Mao Qian-Guo, Liang Hui-Qing, Yin Ya-Lin, Tang Jin-Mo, Yang Jia-En, Wu Chun-Cheng, Chen Yue, Zhang Man-Ying, Liu Yao-Yu, Zheng Xiao-Ting, Zhuang Lin-Yi, Chen Shao-Dong
Xiamen Hospital of Traditional Chinese Medicine, Xiamen, 361009, China.
School of Life Sciences, Xiamen University, Xiamen, 361102, China.
Clin Res Hepatol Gastroenterol. 2022 Jan;46(1):101758. doi: 10.1016/j.clinre.2021.101758. Epub 2021 Jul 21.
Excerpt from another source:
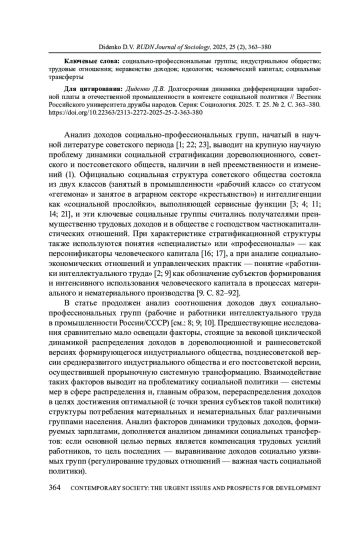 Анализ доходов социально- профессиональных групп, начатый в научной литературе советского периода [1; 22; 23], выводит на крупную научную проблему динамики социальной стратификации дореволюционного, советского и постсоветского обществ, наличии в ней преемственности и изменений (1). Официально социальная структура советского общества состояла из двух классов (занятый в промышленности «рабочий класс» со статусом «гегемона» и занятое в аграрном секторе «крестьянство») и интеллигенции как «социальной прослойки», выполняющей сервисные функции [3; 4; 11; 14; 21], и эти ключевые социальные группы считались получателями преимущественно трудовых доходов и в обществе с господством частнокапиталистических отношений.
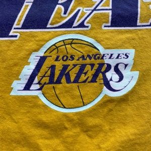Awesome shirt! Official Giveaway at a Lakers game a few years ago! Rare. Minor stains on bottom inside of shirt. Barely shows through. Also minor stain on upper left hand corner. See pics. Can possibly be removed or improved with stain remover or soaking. Only worn a few times. I honestly love this shirt but I have wayyy too many Lakers shirts lol. I try to be as honest as possible so please ask any and all questions before purchasing! Thanks ๐๐ผ๐๐

Whether interferon (IFN)-α therapy is better than nucleos(t)ide analogs (NAs) in the prevention of adverse outcomes, including hepatocellular carcinoma (HCC) in patients with chronic hepatitis B (CHB) is still uncertain or controversial. This study aimed to compare the cumulative incidence of adverse outcomes in patients with CHB on IFN-α- and NA-based therapies.
This was a retrospective study of patients with CHB on antivirals. Patients treated with IFN-α (IFN-α or peginterferon-α) with or without NAs were defined as the IFN-α group, and those only receiving NAs were defined as the NAs group. Propensity score matching (PSM) was used to minimize baseline bias. Cox regression models were performed to select possible factors related to adverse outcomes development.
All 1247 patients were divided into the IFN-α (n = 877) and NAs (n = 370) groups. 26patients (20 and 6 in the NAs and IFN-α groups) developed adverse outcomes (decompensated cirrhosis, liver failure, HCC, liver transplantation and deaths) during a median follow-up of 5.2 years. The cumulative adverse outcomes occurrence at 10 years was significantly lower in the IFN-α group than in the NAs group in all (1.1% vs. 11.9%, P <0.001) and treatment-naïve (1.1% vs. 12.4%, P <0.001) patients. Similar trends were observed after PSM and differentiation of cirrhosis. Multivariate analysis before and after PSM showed that IFN-α-based treatment was independently associated with a lower adverse outcomes incidence (before/after PSM: P = 0.001/P = 0.002). HCC risk stratification analyses revealed that the superiority of IFN-α in preventing HCC was more significant in patients with high-risk HCC.
IFN-α-based therapy was superior to NAs in preventing adverse outcomes in patients with CHB regardless of cirrhosis, and in reducing HCC in those with a high risk of HCC.
在预防慢性乙型肝炎(CHB)患者的不良结局(包括肝细胞癌(HCC))方面,干扰素(IFN)-α疗法是否优于核苷(酸)类似物(NAs)仍不明确或存在争议。本研究旨在比较接受基于IFN-α和NAs治疗的CHB患者不良结局的累积发生率。
这是一项针对接受抗病毒治疗的CHB患者的回顾性研究。接受IFN-α(IFN-α或聚乙二醇化干扰素-α)联合或不联合NAs治疗的患者被定义为IFN-α组,仅接受NAs治疗的患者被定义为NAs组。采用倾向评分匹配(PSM)以尽量减少基线偏倚。进行Cox回归模型以选择与不良结局发生相关的可能因素。
1247例患者被分为IFN-α组(n = 877)和NAs组(n = 370)。在中位随访5.2年期间,26例患者(NAs组20例,IFN-α组6例)出现不良结局(失代偿期肝硬化、肝衰竭、HCC、肝移植和死亡)。在所有患者(1.1% 对11.9%,P <0.001)和初治患者(1.1% 对12.4%,P <0.001)中,IFN-α组10年时不良结局的累积发生率显著低于NAs组。PSM和肝硬化分层后观察到类似趋势。PSM前后的多因素分析表明,基于IFN-α的治疗与较低的不良结局发生率独立相关(PSM前/后:P = 0.001/P = 0.002)。HCC风险分层分析显示,IFN-α在预防HCC方面的优势在高危HCC患者中更为显著。
无论是否存在肝硬化,基于IFN-α的疗法在预防CHB患者不良结局以及降低HCC高危患者的HCC发生率方面均优于NAs。